Awesome. So we can see that our characteristic equation will be:

\begin{align} \mqty(I \\ U \\ G)_{h} &= \vec{c_0} e^{0t} + \vec{c_1} e^{\sqrt{-x_1x_4}t} + \vec{c_2} e^{-\sqrt{-x_1x_4}t} \\ &= \vec{c_0} + \vec{c_1}e^{i \sqrt{x_1x_4}t} + \vec{c_2} e^{-i \sqrt{x_1x_4}t} \end{align}

Now, the two \(e^{ix}\) functions, one positive and one negative, inspires us to the following results:

\begin{equation} \begin{cases} \cos x = \frac{e^{ix}+e^{-ix}}{2}\\ \sin x = \frac{e^{ix}-e^{-ix}}{2i}\\ \end{cases} \end{equation}

Treating \(\frac{1}{2}\) and \(\frac{1}{2i}\) (which we can do, because the constants can be defined on any space desired), we have:

\begin{align} \cos x + \sin x &= \frac{e^{ix}+e^{-ix}}{2} + \frac{e^{ix}-e^{-ix}}{2i} \\ &= A_1e^{ix}+A_2e^{-ix} \end{align}

for some constant scalars \(A_1\) and \(A_2\)

“Wait, doesn’t the \(e^{-ix}\) and \(-e^{-ix}\) subtract each other out on the numerator?
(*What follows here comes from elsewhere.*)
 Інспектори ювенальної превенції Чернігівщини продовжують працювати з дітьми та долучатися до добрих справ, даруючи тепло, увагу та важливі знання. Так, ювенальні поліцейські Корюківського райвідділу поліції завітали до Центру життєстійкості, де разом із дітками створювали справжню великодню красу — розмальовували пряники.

No, notice the denominator is different, so we will have \((A-B)e^{-ix}\) after we add the two expressions for some constants \(A\) and \(B\), it doesn’t cancel out.”

Performing this substitution allows us to reveal the sinusoidal nature of our characteristic equation, and get rid of those pesky \(i\).
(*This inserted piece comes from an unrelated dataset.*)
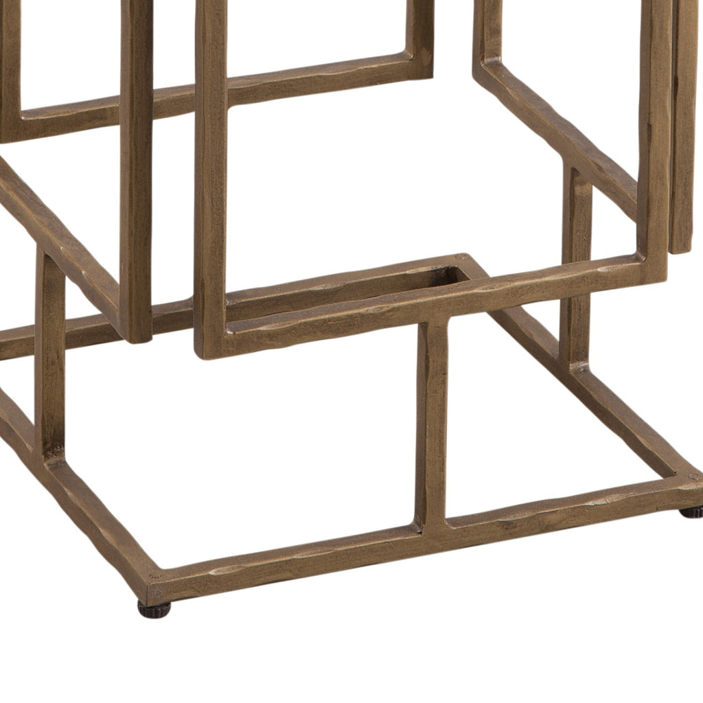 The Audrey Accent Table features a modern styling. The architecturally inspired iron base features an antique bronze finish. The accent table is completed with the solid Italian marble tabletop.

\begin{align} \mqty(I \\ U \\ G)_{h} &= \vec{c_0} e^{0t} + \vec{c_1} e^{\sqrt{-x_1x_4}t} + \vec{c_2} e^{-\sqrt{-x_1x_4}t} \\ &= \vec{c_0} + \vec{c_1}e^{i \sqrt{x_1x_4}t} + \vec{c_2} e^{-i \sqrt{x_1x_4}t} \\ &= \vec{c_0} + \vec{c_1’} \cos (\sqrt{x_1x_4} t)+ \vec{c_2’} \sin (\sqrt{x_1x_4} t) \end{align}

The primes here indicate that \(\vec{c_1} \neq \vec{c_1’}\) because the initial conditions shift when we move to sinusoidal functions.

Writing this out completely, ditching the vector expressions, we have

\begin{equation} \begin{cases} I_{h}(t) = I_0 + I_1\cos(\sqrt{x_1x_4}t) + I_2\sin (\sqrt{x_1x_4}t) \\ U_{h}(t) = U_0 + U_1\cos(\sqrt{x_1x_4}t) + U_2\sin (\sqrt{x_1x_4}t) \\ G_{h}(t) = G_0 + G_1\cos(\sqrt{x_1x_4}t) + G_2\sin (\sqrt{x_1x_4}t) \end{cases} \end{equation}

as the homogenous solutions for the equation.

Underdetermined Coefficients

Recall the expression we are trying to solve is:

\begin{equation} \begin{cases} \dv{I}{t} = -0.73 U(t) + 0.0438 + 0.4 \dv{M}{t} \\ \dv{U}{t} = 0.4I-0.012 \\ \dv{G}{t} = \dv{M}{t} - I(t) \end{cases} \end{equation}

We dealt with the homongenous part… but not the next two parts! Let’s do that.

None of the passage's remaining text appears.